American professional baseball team owner and executive (born 1969)

Harold Zieg Steinbrenner (born December 3, 1969) is an American businessman best known as the chairman and managing general partner of Yankee Global Enterprises (YGE), which owns the New York Yankees of Major League Baseball (MLB). In addition to owning the Yankees, YGE also has a 20% minority stake in the American soccer club New York City Football Club of Major League Soccer (MLS), and a 10% minority stake in Italian soccer club AC Milan of Serie A. He and his siblings inherited control of the team from their father, George Steinbrenner, who died in 2010.

==Biography==

===Family and education===
Hal Steinbrenner is the younger son of George (1930-2010) and Elizabeth Joan Steinbrenner (née Zieg) (1935-2018). He has two sisters, Jessica Steinbrenner and Jennifer Steinbrenner (formerly Swindal). He is the younger brother of Hank Steinbrenner, who died in 2020.

Steinbrenner attended Culver Military Academy and went on to graduate from Williams College in 1991 with a Bachelor of Arts degree. He then earned a Master of Business Administration at the University of Florida in 1994.

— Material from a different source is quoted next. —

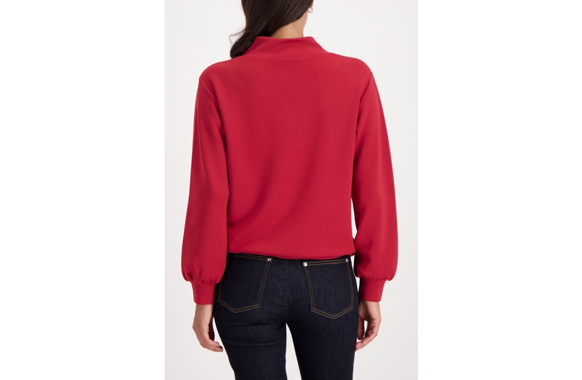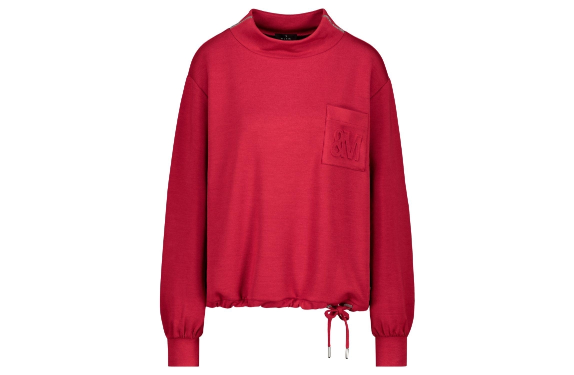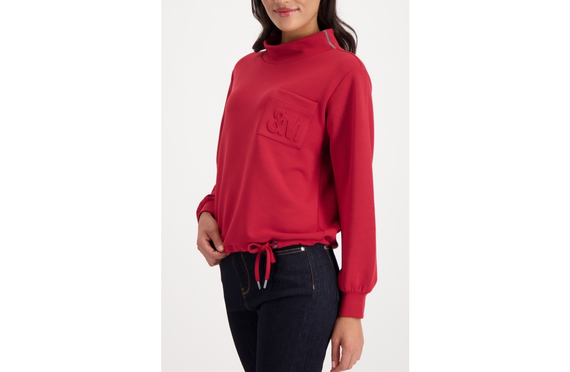 Monari Sweatshirt 310 Chimney red. Dit rechtvallende model heeft een ronde hals en lange mouwen. Deze rode top van Monari is bewerkt met een decoratieve borstzak en heeft een trekkoord in de zoom.
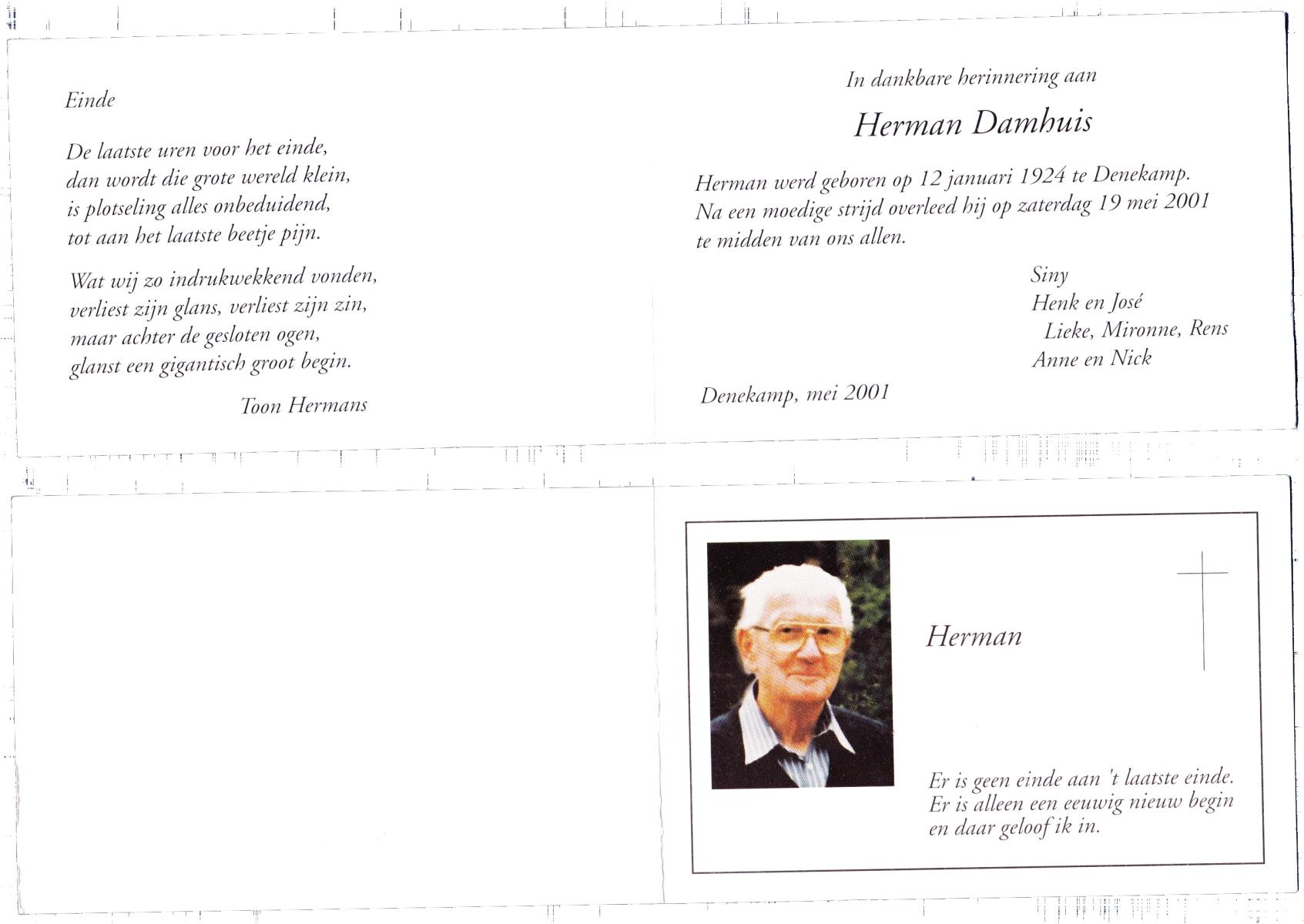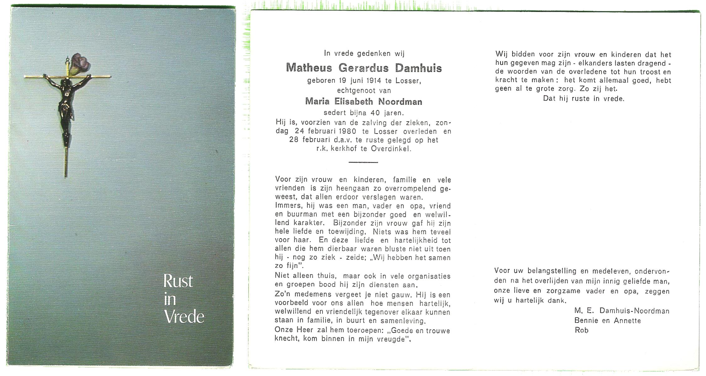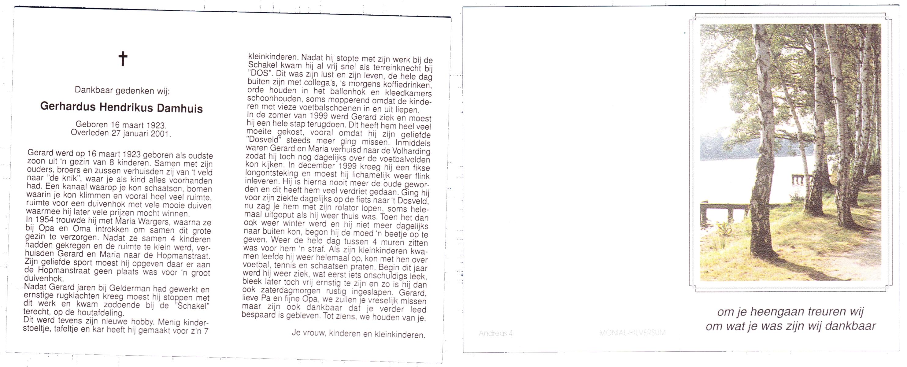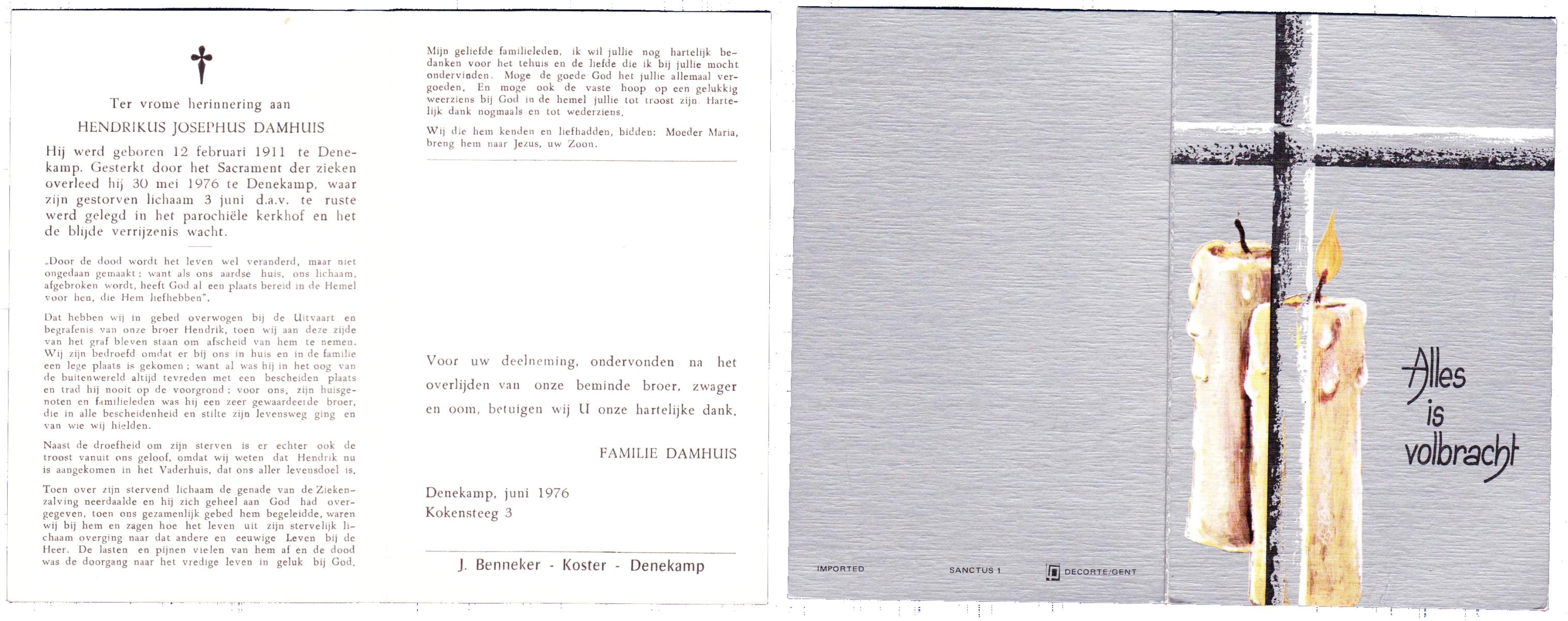 DAMHUIS, Gerhardus Augustinus, geboren op 1-3-1909 te Denekamp, overleden op 15-2-1989 te Oldenzaal op 79-jarige leeftijd, begraven op 20-2-1989 te Denekamp.

The Steinbrenner family also collectively owns more than 25% of YES Network, 20% of MLS's New York City FC, a stake in Legends Hospitality and 10% of Italian soccer club AC Milan.

===Professional career===
Starting in 2007, George Steinbrenner gradually ceded day-to-day control of the Yankees to Hal and his other son, Hank, as his health worsened. Hal Steinbrenner was elected chairman of the board of Yankee Global Enterprises on September 28, 2007.

On November 20, 2008, Major League Baseball owners approved the shift of day-to-day control of the Yankees from father George Steinbrenner to Hal Steinbrenner.

Since taking over the organization, the Yankees have won the 2009 World Series, two American League pennants, made the playoffs eleven times, and opened a new stadium in 2009.

In January 2011, Steinbrenner overruled general manager Brian Cashman and signed pitcher Rafael Soriano to a three-year, $35 million contract.

On August 30, 2022, Steinbrenner acquired a minority share of Italian soccer club AC Milan.

==Other roles==
Hal Steinbrenner is chairman and CEO of Steinbrenner Hotel Properties and is on the board of directors of the Boys and Girls Club of Tampa Bay.

==Personal life==
Steinbrenner is a pilot. He owns a GTO single-engine and a Cessna high-wing plane.

He is married to Cristina DiTullio, a native of Staten Island, New York. Steinbrenner has a daughter named Katherine (b. 1997) with his first wife, Christina Lavery, whom he divorced in 2007.